When you return the data, keep every word exact and include none of the images.

Segment Start: Collected data

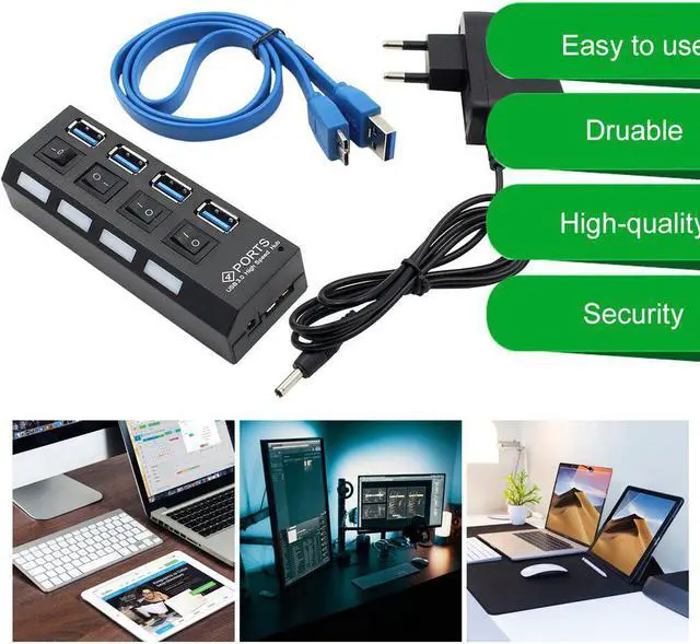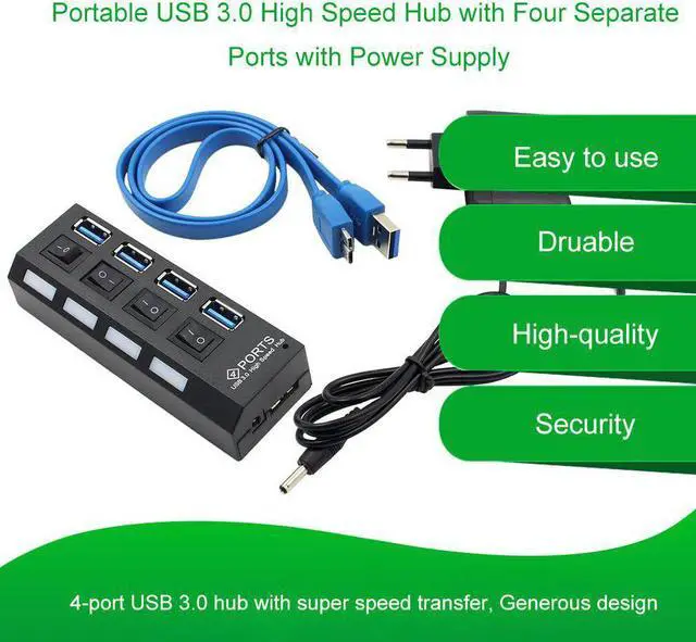 USB 3.0 High Speed Hub with Separate Four Ports Compact Lightweight Power Adapter Hub with Power Supply
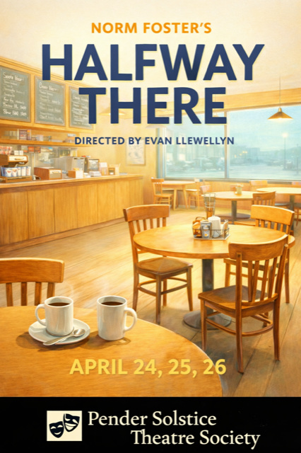 Halfway There will be presented at the Pender Island Community Hall, April 24th, 25th and for a Sunday matinee, April 26th. Online tickets will be available starting April 1st or through Talisman Books.
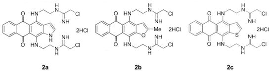 Structures of bis(chloroacetamidino)heteroareneanthraquinones 2a–c.

Segment End: Collected data

#### Your solution:
 USB 3.0 High Speed Hub with Separate Four Ports Compact Lightweight Power Adapter Hub with Power Supply
 Halfway There will be presented at the Pender Island Community Hall, April 24th, 25th and for a Sunday matinee, April 26th. Online tickets will be available starting April 1st or through Talisman Books.
 Structures of bis(chloroacetamidino)heteroareneanthraquinones 2a–c.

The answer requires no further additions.